I’m trying to figure out how to make sure that a custom CoW collection struct I’m implementing can safely be declared Sendable (albeit with @unchecked.) I found an older thread on the topic, but wasn’t sure of the etiquette here about reawakening old threads, so I’m starting a new one.
I understand that the idiom using isKnownUniquelyReferenced() is thread-safe as long as there aren’t concurrent mutating calls to the same copy of the struct. And from what I’ve read, structs passed between Tasks are copied instead of passed by reference.
…but, then I considered that a Sendable class instance might contain an instance of my struct, which would allow two threads to have references to that object and thus mutate the struct concurrently. (Or is that ruled out because Sendable classes can’t have var properties?)
If that’s true, then how does one adapt the CoW idiom for sendability? I’d hate to have to put mutexes and locks all over the implementation. Can I make the internal state reference atomic?
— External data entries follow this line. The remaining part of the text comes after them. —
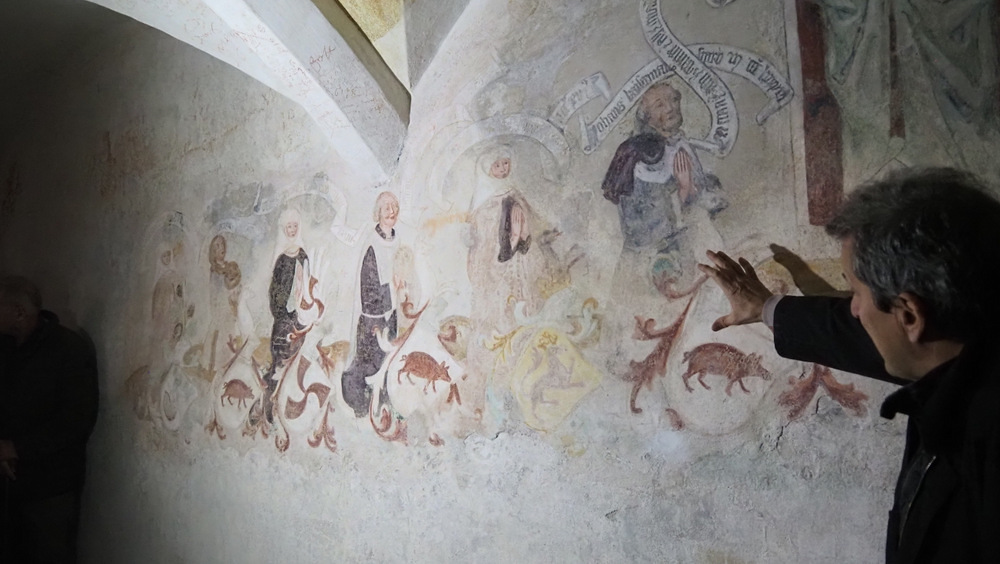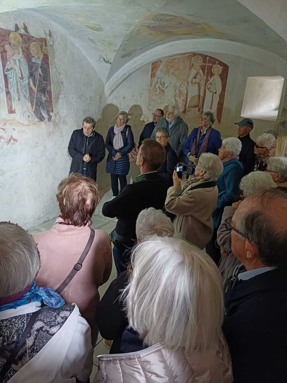 Besonders beeindruckend präsentierte sich auch die Michaelskapelle, wo noch gotische Fresken aus dem 15. Jahrhundert zu sehen sind – darunter eine Darstellung des Erzengels Michael im Jüngsten Gericht, die verschiedene Techniken der Wandmalereien sichtbar macht. Im Gegensatz zu der Sekkomalerei auf trockenem Untergrund wirken die Fresken, bei denen die Farbe auf nassen Putz aufgetragen wird, kräftiger und leuchtend.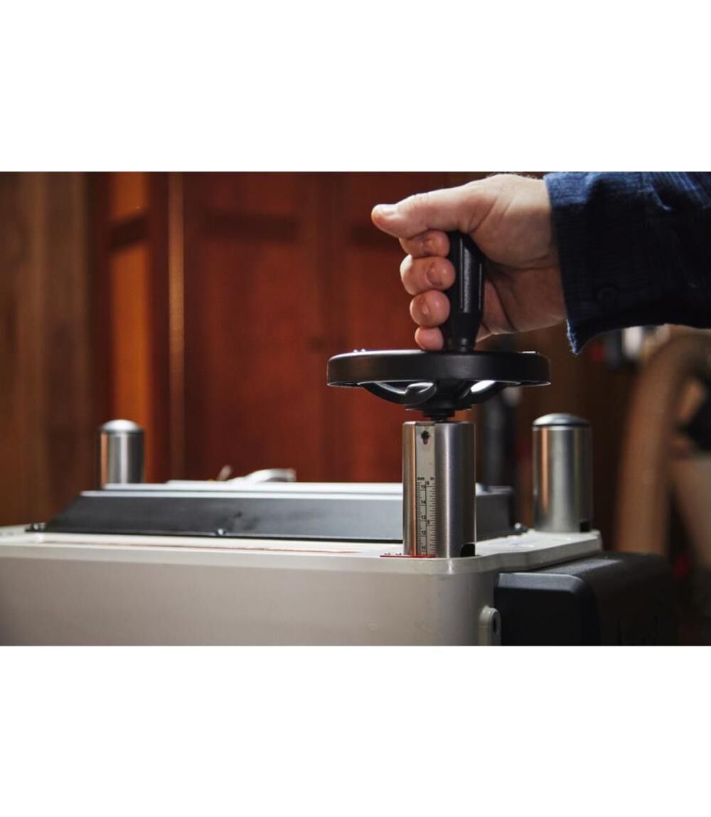 - Large hand wheel with positive gear drive easily moves the head to the desired board thickness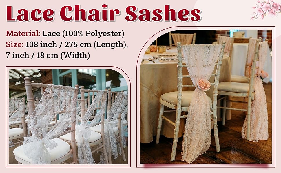 💝 المادة والحجم: أوشحة الكرسي هذه مصنوعة من نسيج دانتيل قوي وقابل للتمدد وعالي الجودة. الحجم 7 بوصة × 108 بوصة. مظهر أنيق، لمسة يد مريحة، المزيد من بروز كراسي الدانتيل عالية الجودة.

In order to be Sendable, a class needs to protect its mutable state with some form of synchronization, such as a Mutex. One of the benefits of value types is that they tend to require less manual synchronization, but once you put them inside a reference type you're getting reference type behavior, which includes that.
David's given the general answer, but since you're specifically talking about CoW, it's important to clarify that there's an important exception for unique references. If (1) there's a duration in which you know that you have the only reference to an object, and (2) all such durations are well-ordered with all other accesses to that object, then you do not need synchronization to read or write that object's stored properties during that duration. And it happens to be true that exclusivity and Swift's concurrency safety establish those two guarantees for an object referenced by a memory location that an inout parameter (including self in a mutating method) has been bound to, if isKnownUniquelyReferenced returns true for that location, as long as you never write to the object except within such scopes.